BEGIN Information supplied
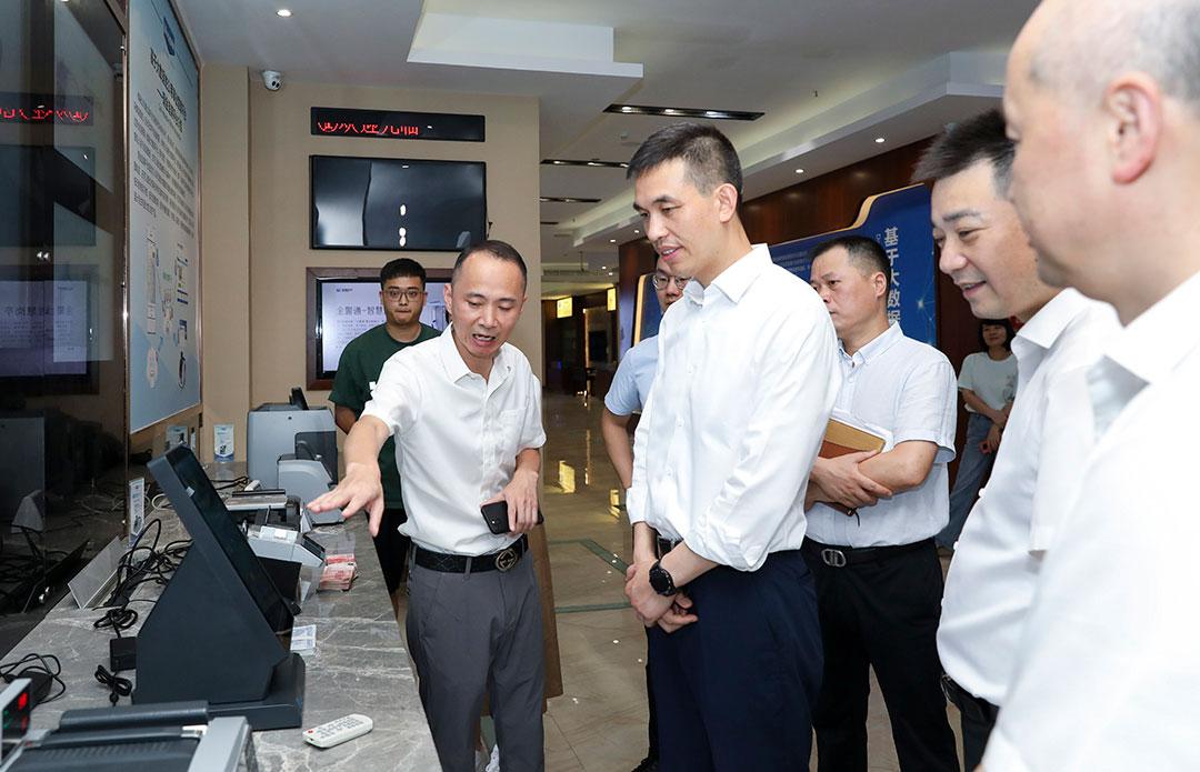 視察中,張書記一行參觀了維融產品展示體驗館,對不動產產權制證機、警務通綜合業務機、駕駛員體檢機、駕駛員考試機、駕駛證制證機、智慧貴金屬庫等幾款產品表示十分感興趣。張書記對維融這幾年的科研成果予以肯定,并向企業發展提出了寶貴的建議,鼓勵維融能擴大市場份額,有效提升產品銷售業績,積極提升企業整體競爭力并往資本市場發展。
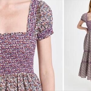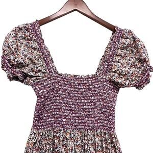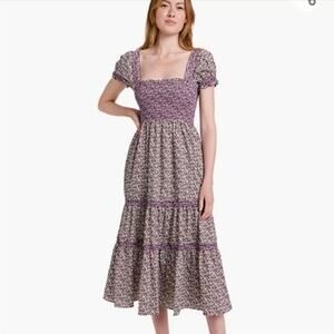 O.P.T Sz S Daphne Tiered Smocked Bodice Pocket Midi Dress Purple Cottagecore
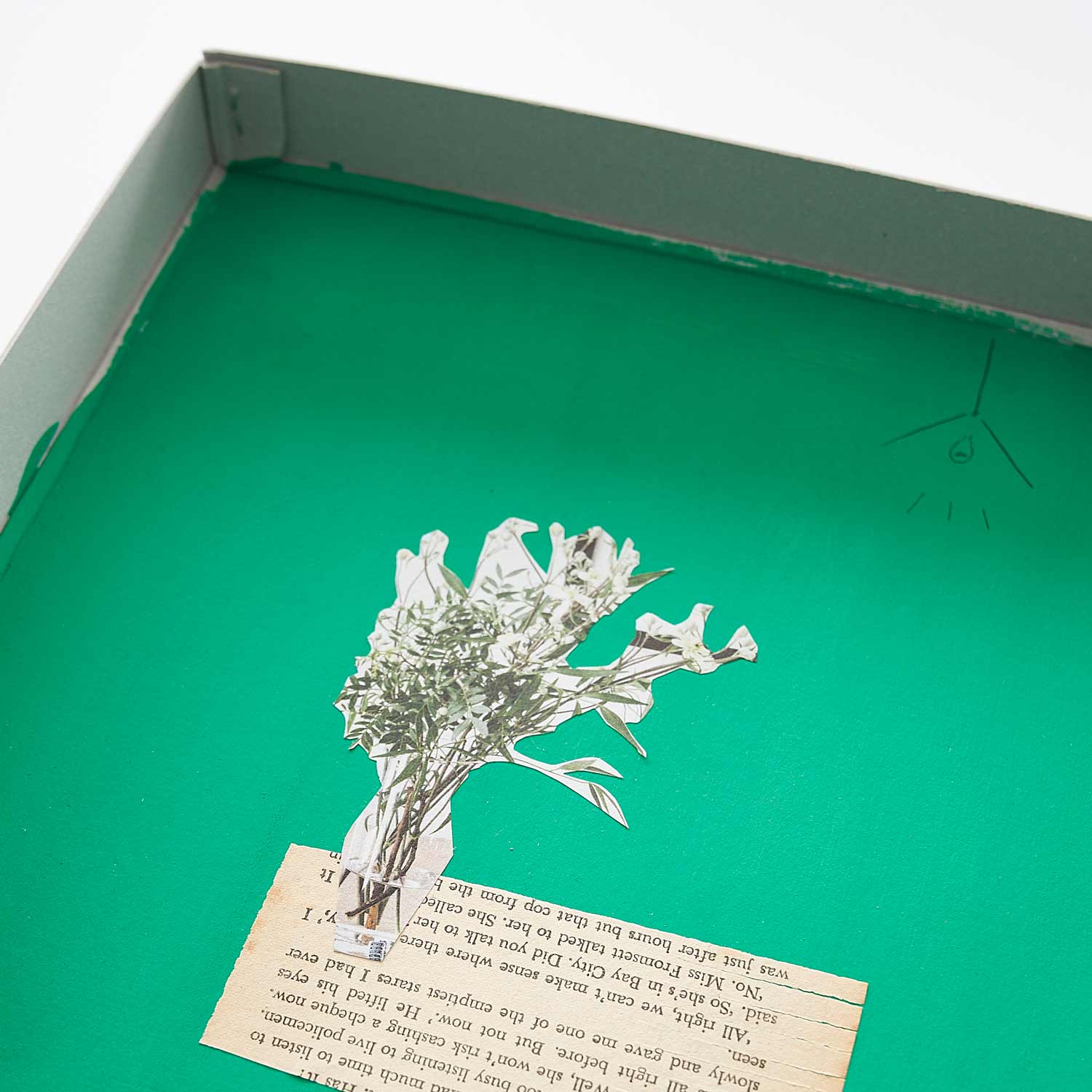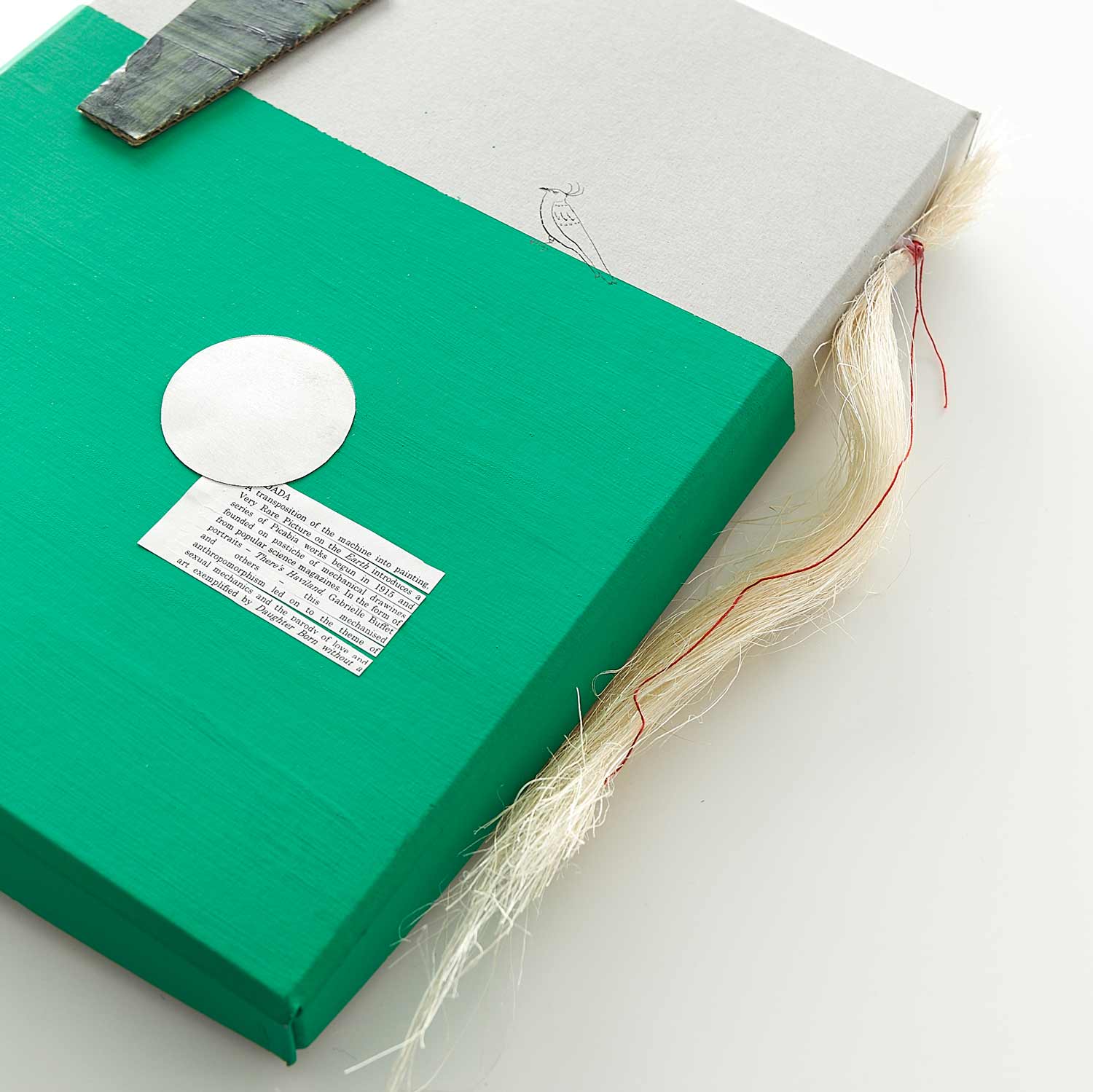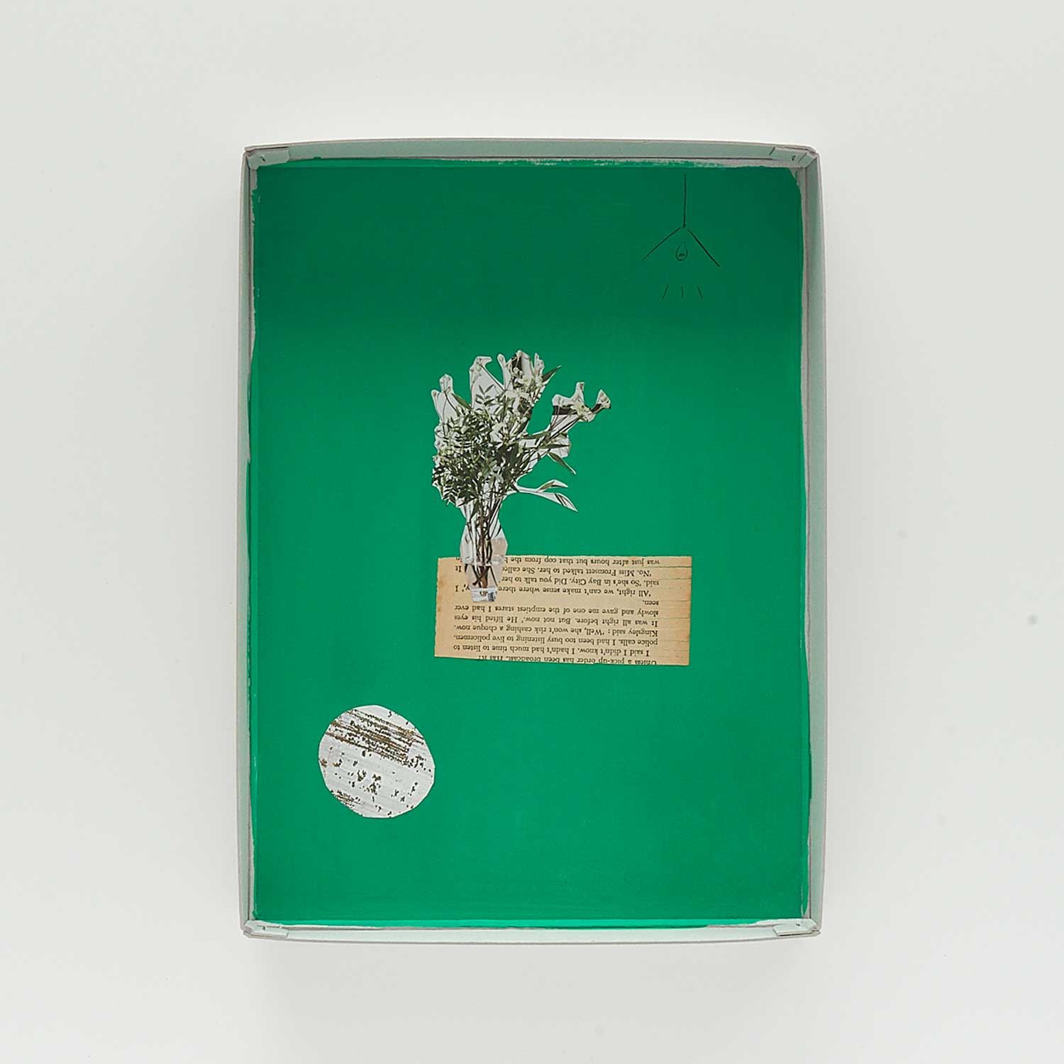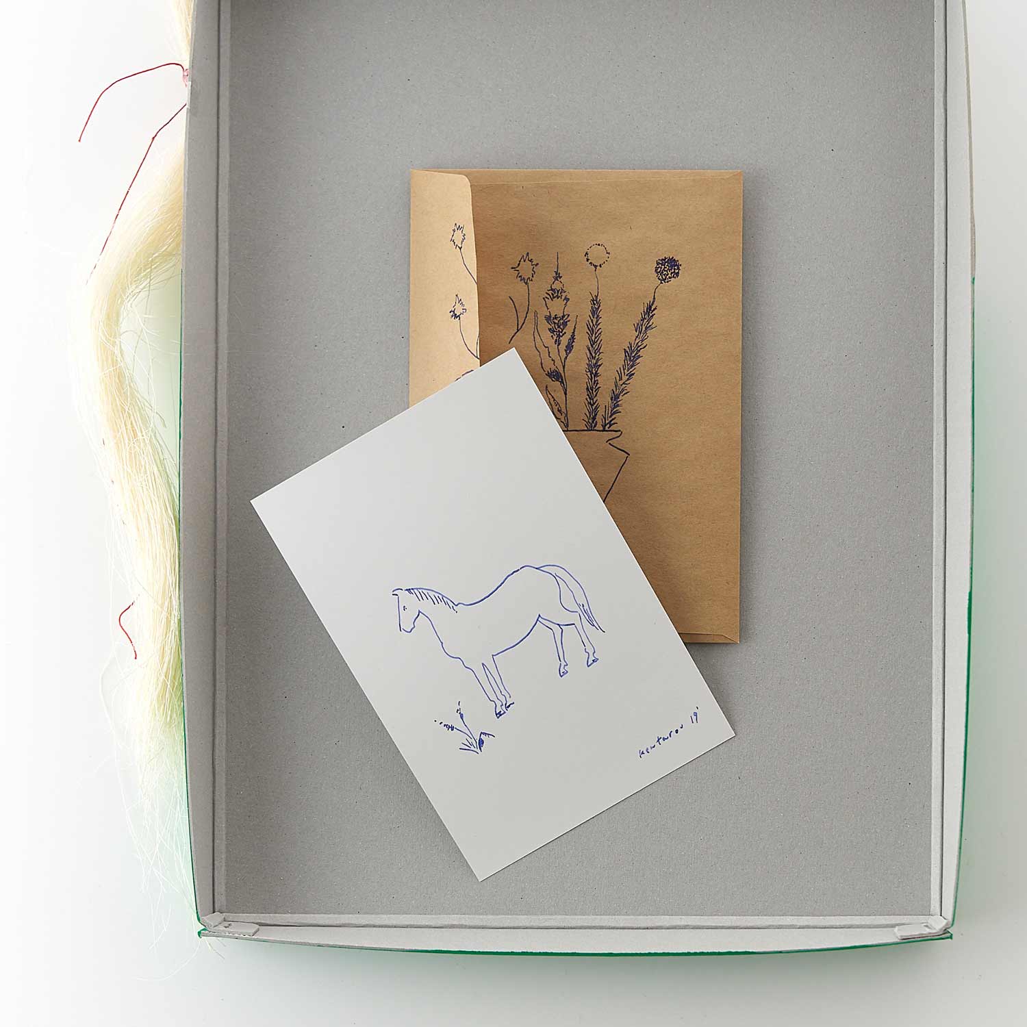 2019年3月、水犀のオープニングにあわせて制作された、田中健太郎さんのスペシャルボックスです。鮮やかなグリーンに愛らしい小鳥が描かれています。蓋の裏には、2019年に描かれたカードが添えられています。ドローイングを高精細出力プリントし彩色した3枚と銅製の馬のオブジェがセットになっています。
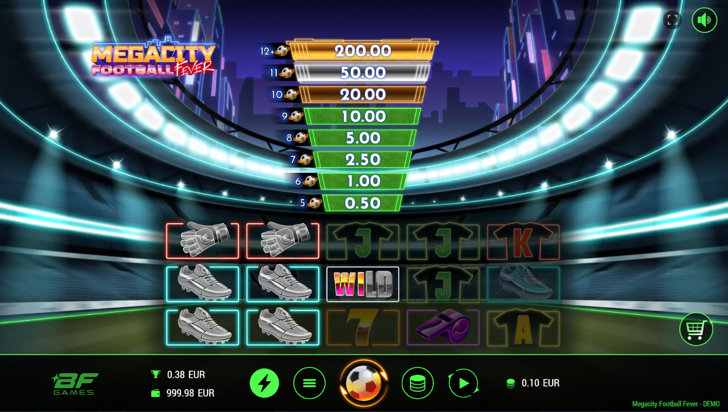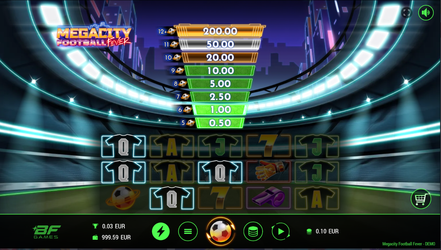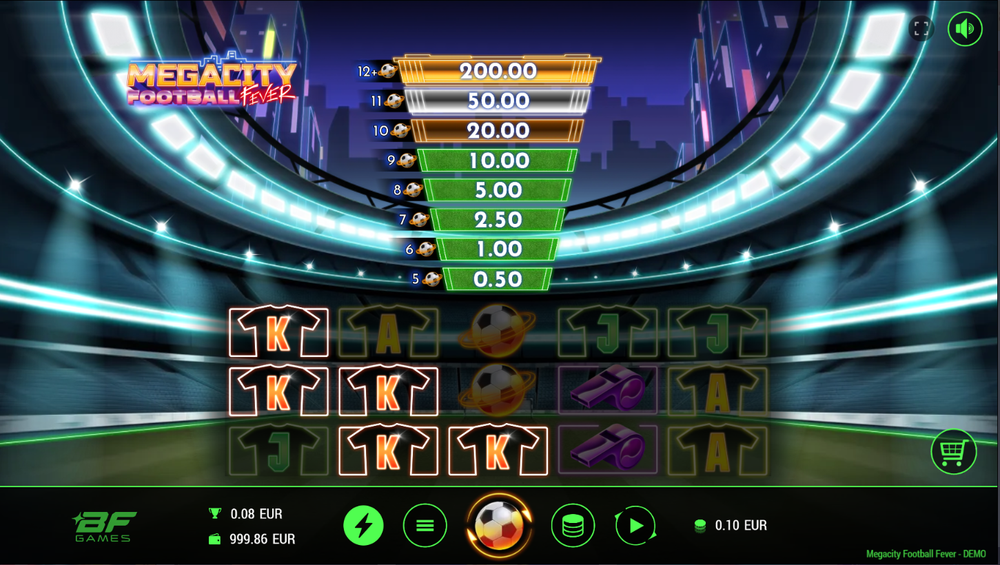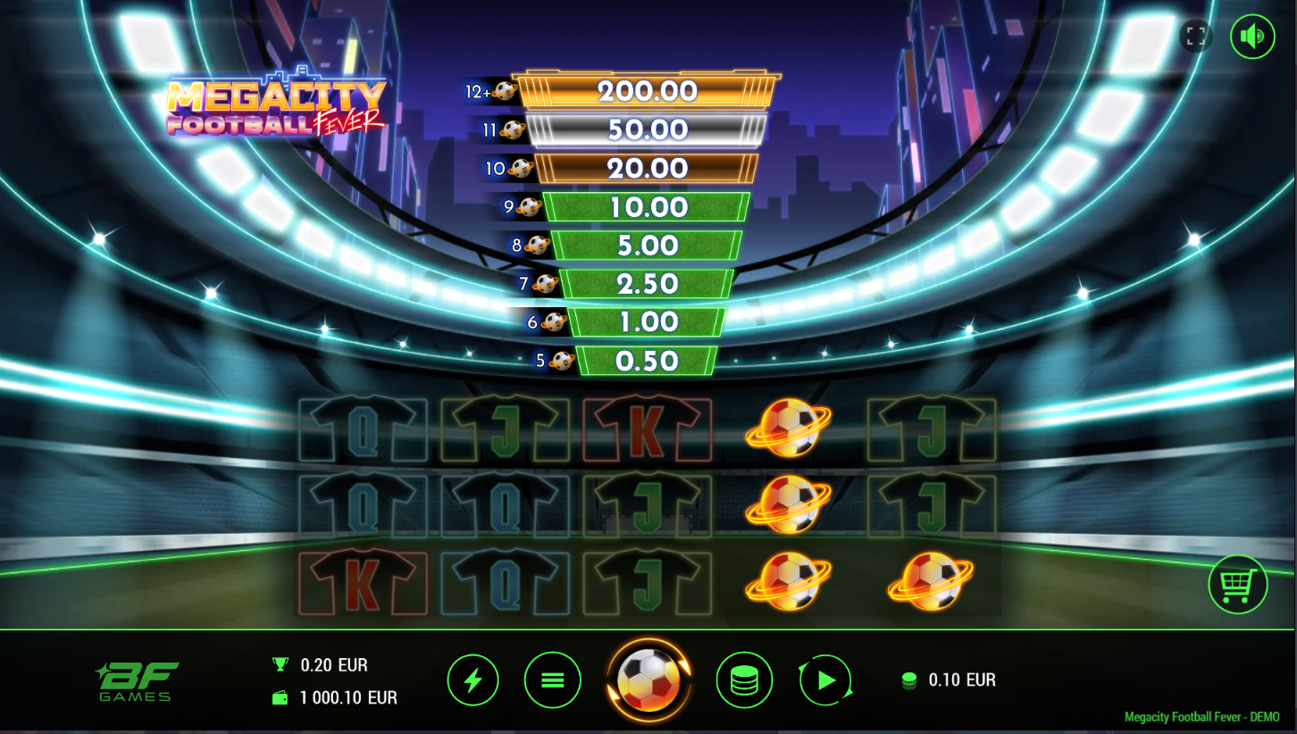Megacity Football Fever, od providera BF Games,spaja ritam futurističkog grada i strast nogometnog terena. Na 5×3 bubnjeva i 50 linija, svaki spin donosi adrenalin utakmice i energiju cyber svijeta. Sjajni simboli, neonske boje i nogometni elementi stvaraju nezaboravnu atmosferu. Ako voliš sportske slotove i moderni vibe, ovo je prava zabava za tebe!
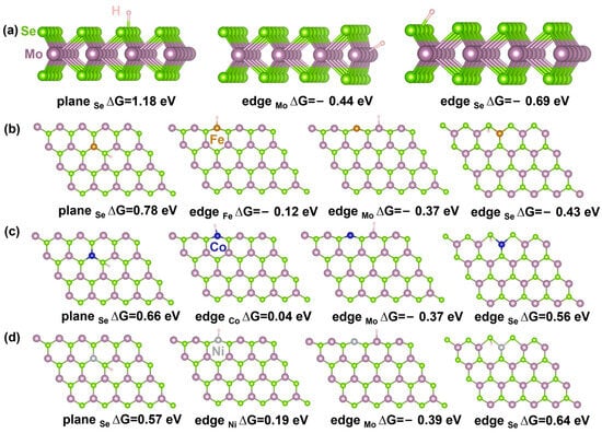 To gain deeper insights into the active sites of Fe-, Co-, and Ni-doped MoSe2 (M-MoSe2) in the HER, we performed density functional theory (DFT) calculations on Fe-MoSe2, Co-MoSe2, Ni-MoSe2, and pristine MoSe2. The catalytic activity was evaluated using the ΔGH, which reflects the hydrogen adsorption capability on the material surface. An effective HER catalyst typically exhibits a ΔGH value close to zero, indicating moderate hydrogen adsorption strength that facilitates efficient HER. A ΔGH that is too positive (weak adsorption) or too negative (strong adsorption) would hinder the reaction. Thus, the ideal HER catalyst should have ΔGH ≈ 0 eV.
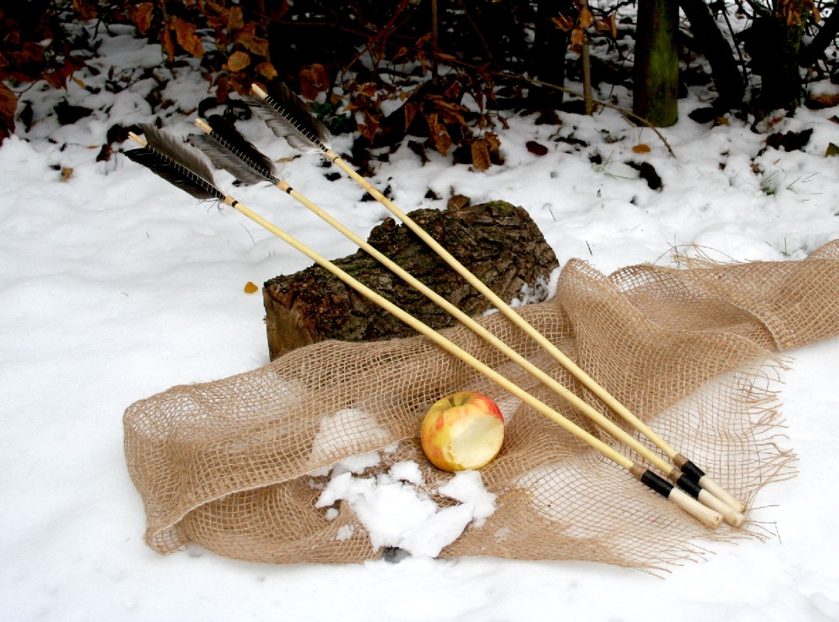 Die Inspiration für diese Pfeile stammt von der Sendung mit der Maus und von den Pfeilen die man bei Ötzi gefunden hat.
END Information supplied
**What the task asks**
Skipping any images, write out all the data exactly.

**Exercise response**
 視察中,張書記一行參觀了維融產品展示體驗館,對不動產產權制證機、警務通綜合業務機、駕駛員體檢機、駕駛員考試機、駕駛證制證機、智慧貴金屬庫等幾款產品表示十分感興趣。張書記對維融這幾年的科研成果予以肯定,并向企業發展提出了寶貴的建議,鼓勵維融能擴大市場份額,有效提升產品銷售業績,積極提升企業整體競爭力并往資本市場發展。
 O.P.T Sz S Daphne Tiered Smocked Bodice Pocket Midi Dress Purple Cottagecore
 2019年3月、水犀のオープニングにあわせて制作された、田中健太郎さんのスペシャルボックスです。鮮やかなグリーンに愛らしい小鳥が描かれています。蓋の裏には、2019年に描かれたカードが添えられています。ドローイングを高精細出力プリントし彩色した3枚と銅製の馬のオブジェがセットになっています。
Megacity Football Fever, od providera BF Games,spaja ritam futurističkog grada i strast nogometnog terena. Na 5×3 bubnjeva i 50 linija, svaki spin donosi adrenalin utakmice i energiju cyber svijeta. Sjajni simboli, neonske boje i nogometni elementi stvaraju nezaboravnu atmosferu. Ako voliš sportske slotove i moderni vibe, ovo je prava zabava za tebe!
 To gain deeper insights into the active sites of Fe-, Co-, and Ni-doped MoSe2 (M-MoSe2) in the HER, we performed density functional theory (DFT) calculations on Fe-MoSe2, Co-MoSe2, Ni-MoSe2, and pristine MoSe2. The catalytic activity was evaluated using the ΔGH, which reflects the hydrogen adsorption capability on the material surface. An effective HER catalyst typically exhibits a ΔGH value close to zero, indicating moderate hydrogen adsorption strength that facilitates efficient HER. A ΔGH that is too positive (weak adsorption) or too negative (strong adsorption) would hinder the reaction. Thus, the ideal HER catalyst should have ΔGH ≈ 0 eV.
 Die Inspiration für diese Pfeile stammt von der Sendung mit der Maus und von den Pfeilen die man bei Ötzi gefunden hat.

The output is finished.